On one side, in capitals, it reads "NATIONAL KEY / USA," and on the other, "COLE." Below this there is a line or two of indecipherable characters, smudged down to the level of the key itself. This key's turned aside tumblers several thousand times, but I’ve not used it now for several years.
I take it with me to Montana whenever I visit home. It works the back door of my parents' house (I've finally gotten used to calling it 'my parents' house' and not my own) and leads you to the cramped back foyer that stands at the top of a steep narrow staircase. On the walls there my dad's posters of Larry Bird and Mike Schmidt used to greet any visitors to his basement office. The stairs don’t seem so high now, but they seemed both broader and taller when my brother and I, maybe eight and ten, piled our blocks and Legos and any other stackable things we could find on every step before we sent a single block off the top stair, triggering a catastrophic landslide that demolished the quaint mountainside town we’d built below. Who knows how many Sunday afternoons we wasted playing "Avalanche."
Beyond, above, would be the dining room, small already and made more crowded by the insistent blockish bodies of the washer and dryer. If you turned left here, and then left again, you'd enter the room my brother and I shared, but you'd have to pause at the place (hidden by a generic piece of art) where a meaner teenaged me stabbed his fist through the drywall. ("Um…" "Charles Patrick Bahls, what are you doing in there?!")
My brother had the top bunk, and this suited me well: I preferred the sense of seclusion and retreat the bottom bunk gave me. It was easy to block off light by hanging a couple of blankets from above. I could pretend I slept in a cave. It also made it easier to hide whatever contraband (bootlegged liquor, purloined fire extinguishers, etc.) I didn’t want my parents to find. Only once did I regret having the bottom bunk, the once my brother was so ill that he was unable to make it to the bathroom before he got sick: his high-up perch gave him incredible range.
If you stayed your course and instead went straight past the washer and dryer, you'd see our walk-in pantry on the right as you made your way into the kitchen, really an outgrowth of the dining room (if not the other way around). It sported a matching set of Kenmore appliances, cozily colored a dull grease-spattered chartreuse. On Sunday mornings in midwinter my dad would pull the cutting board from its built-in slot in the countertop and set to work on the bucketfuls of perch he'd caught at Canyon Ferry Lake, listening to Garrison Keillor as the trash bin filled with fish guts and the pile of pink flesh (ohhhh so good steamed and dipped in butter) grew higher and higher in front of him.
Keep going and you'd reach the living room, a den dominated for years by a Curtis Mathes console TV that must have stood taller than I did until I was ten years old.

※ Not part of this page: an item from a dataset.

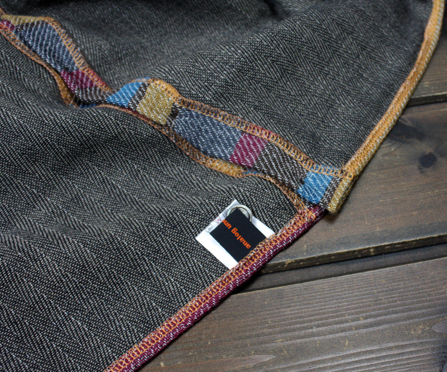 男女兼用の商品で、analog undergroundがコンセプトとしている「一枚の生地をどうまとうか」という考えから生まれた商品です。

We worked its channels by running our fingers along a column of touch-sensitive strips at the console's right. One weekend afternoon my brother and I discovered that we received two channels that showed Hee Haw in the same time slot, one channel on a slightly longer delay than the other. This discovery was the source of indescribable hilarity as we tortured our mother for the next half-hour by flipping back and forth quickly to make Minnie Pearl and Roy Acuff stutter like Max Headroom.
Onward. You'd take a right (unless you left through the front door, straight ahead) and come upon our mother's den, a room piled high with comic books and baseball cards, and filing cabinets filled with everything from old academic records to unused clothing patterns. Of all the rooms in that house, I spent the least time here, but it was a pleasant place, offering a vantage on the front yard, and a west-facing view that caught the summer sun on its way down, reflecting warmly on the hardwood floor.

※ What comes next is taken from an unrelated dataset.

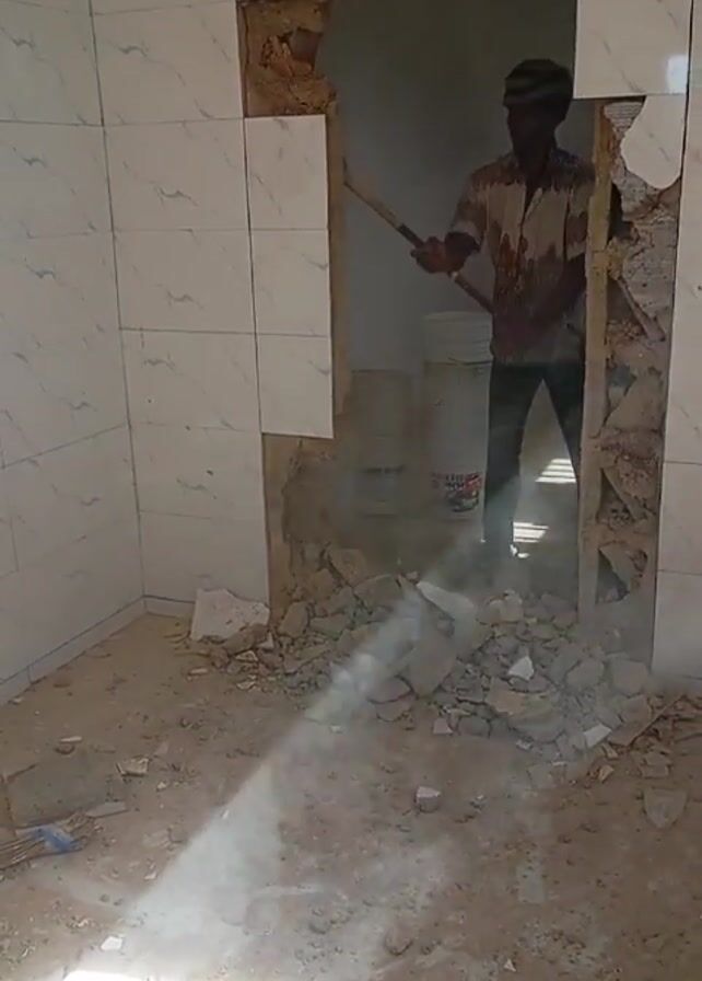A man is demolishing a tiled wall with a sledgehammer. He's standing in a doorway between two rooms, with a pile of rubble on the floor. The room he's standing in has three stacked buckets. The room the camera is in has tiled walls and a dusty floor. There is a brush on the floor. The dust from the demolition is filling the air.

At last you'd take a right, steering clear of the closet where my mother kept unsorted piles of god-knows-what, and entering the small bathroom that served us four. It had no shower until long after I'd moved away, so a quick hair-washing was impossible unless you used the kitchen sink or (as I did in high school when my hair grew nearly to my waist) the institutional trough-like beast in the basement below. Baths were enjoyable, though, and when I reached a certain age I'd bring in my boom box and listen to Queen or Pink Floyd while lounging in the warm water. I felt safe there, ensconced at the center of the house's spiral.
There's a single small window in the bathroom, high up in the wall, looking out over the back yard and the steps we’d climbed to take us to the back door where we began. Beyond you can see the scrub-covered hills at the city’s north. Sometimes after bathing I would stand, dripping, at the edge of the tub, gazing absentmindedly at those hills, wondering what lay beyond.